2. PISSED because I feel like such a fucking fool.

3. PISSED because, now, I'm soaking wet.

Then, still on the phone, "friend" hits me with this Zen shit about "taking initiative"...Oh no he didn't just try that flip-the-fucking-script shit? Well. THAT was all I needed for me to POP OFF and let him have it before his phone went out or before he hung up on me or whatever-the-fuck.

Anyway, I hit so-called "friend" up on Tuesday with a txt, asking if he was going to apologize to me. And, he said that he wasn't going to. Which means, that he's OUT...I'm done with him now.

I'm mad because I allowed myself to feel some kinda way about this whole situation...I'm getting too soft.

I have to remember and expect that people will always screw me over or let me down or disappoint me...and, THAT'S why I have to keep them at arms length.

I need to be in CONTROL...either things get done MY way, or whoever's tagging along can just get left behind.

I realized long ago that, in "friendships", I hold people to much higher expectations and standards than I myself expect to be held to...it is what it is. Should I work on that?...whatever!

Diamonds Are Forever.

;-)

6 comments:

bLaQ~n~MiLD said...

Wow... Ya know I have to totally agree with you here yo. I've been re-evaluating everyone around me and many people's importance level has decreased. I'm not too quick to place people on my 'friends' list but once there, I expect that the individual would conduct themselves accordingly. So it hurts badly when a 'friend' let's me down. Always guard your heart baby boy and yes, EVERYONE must be kept at arms length until proven otherwise...that takes time.
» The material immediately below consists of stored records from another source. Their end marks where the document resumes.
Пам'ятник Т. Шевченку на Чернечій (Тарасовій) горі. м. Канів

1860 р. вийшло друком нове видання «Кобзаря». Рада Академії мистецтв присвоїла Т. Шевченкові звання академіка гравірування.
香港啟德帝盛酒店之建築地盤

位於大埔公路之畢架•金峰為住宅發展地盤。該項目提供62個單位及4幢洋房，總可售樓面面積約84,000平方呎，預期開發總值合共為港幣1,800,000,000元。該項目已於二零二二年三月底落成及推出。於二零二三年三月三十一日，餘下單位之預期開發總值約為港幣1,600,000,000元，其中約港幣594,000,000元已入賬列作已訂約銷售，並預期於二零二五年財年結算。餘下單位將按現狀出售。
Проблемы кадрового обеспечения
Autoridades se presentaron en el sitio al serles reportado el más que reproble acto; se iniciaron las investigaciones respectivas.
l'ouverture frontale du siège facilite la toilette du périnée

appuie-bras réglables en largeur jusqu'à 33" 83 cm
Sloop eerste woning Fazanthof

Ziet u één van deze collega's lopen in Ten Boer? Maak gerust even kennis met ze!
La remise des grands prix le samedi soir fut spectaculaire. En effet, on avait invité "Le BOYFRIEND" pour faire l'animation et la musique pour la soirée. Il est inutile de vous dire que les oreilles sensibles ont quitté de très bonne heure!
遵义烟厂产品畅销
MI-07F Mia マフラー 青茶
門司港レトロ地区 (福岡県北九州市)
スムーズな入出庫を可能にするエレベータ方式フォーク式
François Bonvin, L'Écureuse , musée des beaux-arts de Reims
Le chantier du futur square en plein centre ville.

On another note, I'll be in your city tomorrow (7/3) to take in the festivities. With any luck, I'll see you around baby boy! Don't let this get ya down. Get out and enjoy!

~Damnit!

fuzzy said...

hey, ummm someone is a lil upset! at these events and parades, signal is compromised on every carrier! so that might be another reason. not making
excuses for him but its a possibility.

i don't think you're soft, I think you don't really wanna be over this friend so quickly but you are angry and upset. take a moment or a few and relax and revisit the situation.

PRIMO said...

I learned early in life that friends aren't always what you want them to be or what they say they're supposed to be. Thats why i only have 1. Shit I cant trust 98% of my damn family let alone a friend.

PRIMO said...

Yeah He Definitely Played U. Don't worry the strong always bounce back.

Anonymous said...

Sounds like Your gay pride was very similiar to mind! We ae kindred spirits. I blogged about it too!
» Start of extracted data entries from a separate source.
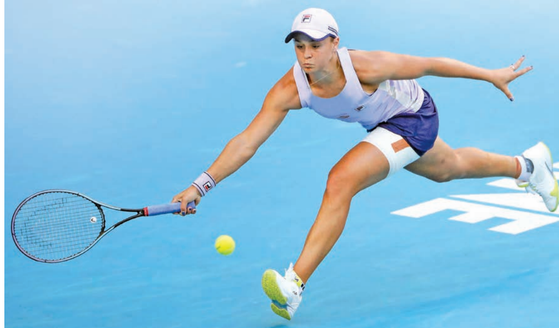
بارتي خلال منافسات بطولة أستراليا

واصلت الأسترالية المصنفة أولى أنشلي بارتي عروضها القوية وعبرت أمس إلى الدور الرابع من بطولة أستراليا المفتوحة، أولى البطولات الأربع الكبرى في كرة المضرب، في حين أهدر الروسي دانيل مدفيديف المصنف رابعاً تقدمه بمجموعتين، ثم حقق فوزه الأول بعد خمس مجموعات في مسيرته، أمام الصربي فيليب كراينوفيتش. وأقيمت مباريات أمس غيغاب الجماهير بعد قرار السلطات المحلية إكمال البطولة دون متفرجين لخمسة أيام على الأقل،
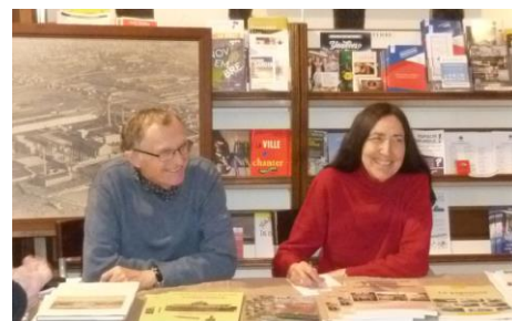
Novembre 2016, à l'Office de tourisme ; pour la quinzième des auteurs de la Société d'Histoire.
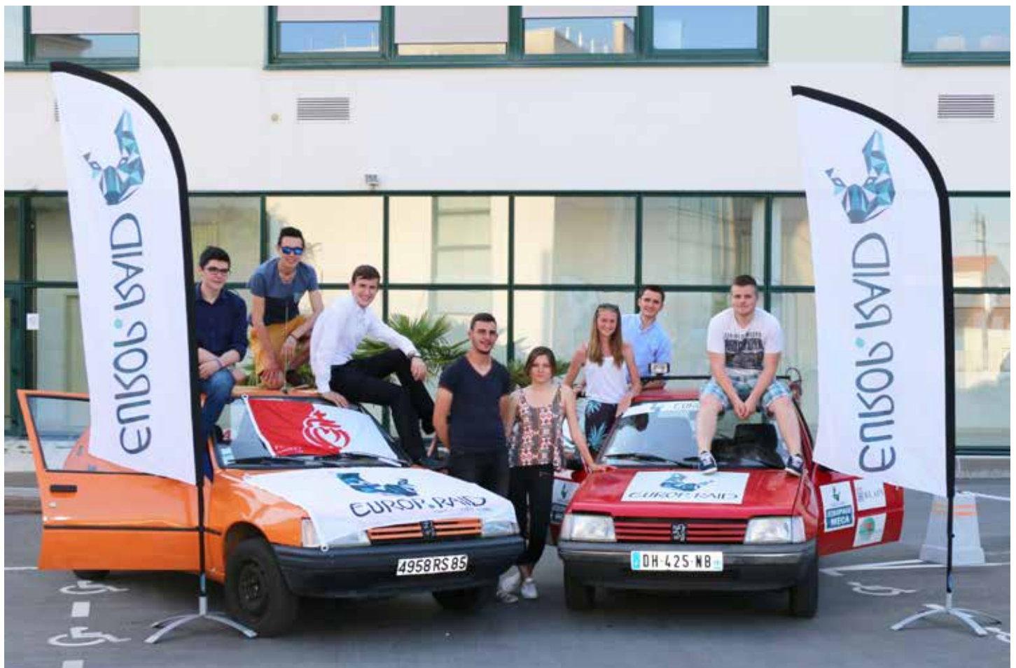
Les équipages de l'Europ'Raid sont prêts pour 23 jours d'aventure.

Contact : www.europraid.fr et sur www.facebook.com/EuropRaid
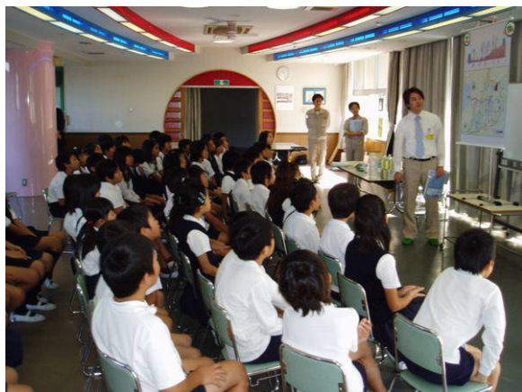
なるほど。大和川ってこんな川なんだね。

大和川の概要を説明した後、川が持っている不思議な力（＝自浄作用）について一緒に考えました。その後、4つのグループに分かれて、『大和川・今井戸川・小学校内の池の水・生活排水（水道水に醤油を数滴落とした水）』の4種類でパックテストを実際に体験してもらいました。
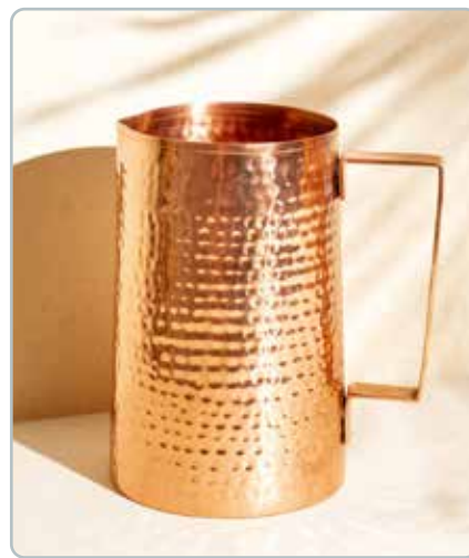
10065 HAMMERED KOBBER FLASKE til vand Mål: 1500ml
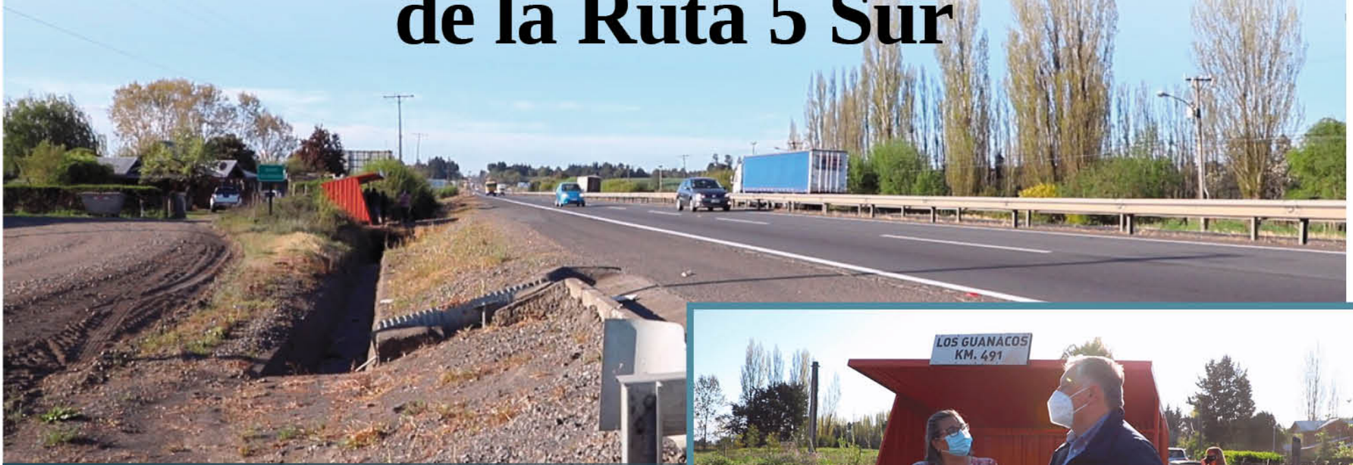
LUEGO DE LAS REITERADAS demandas de los vecinos y las autoridades locales, se mejorará la seguridad y accesibilidad en la Ruta 5 Sur.

Darius T. Williams said...

Yea - you've learned a valuable lesson. Good for you - sorry you had to go through it, but like they say, what doesn't kill you only makes you stronger. You have nothing but this experience to thank for that. So, how's about that for a silver lining?

Um, but - you live in Chicago? How come I didn't know that? I do too - just moved from the west side to south shore.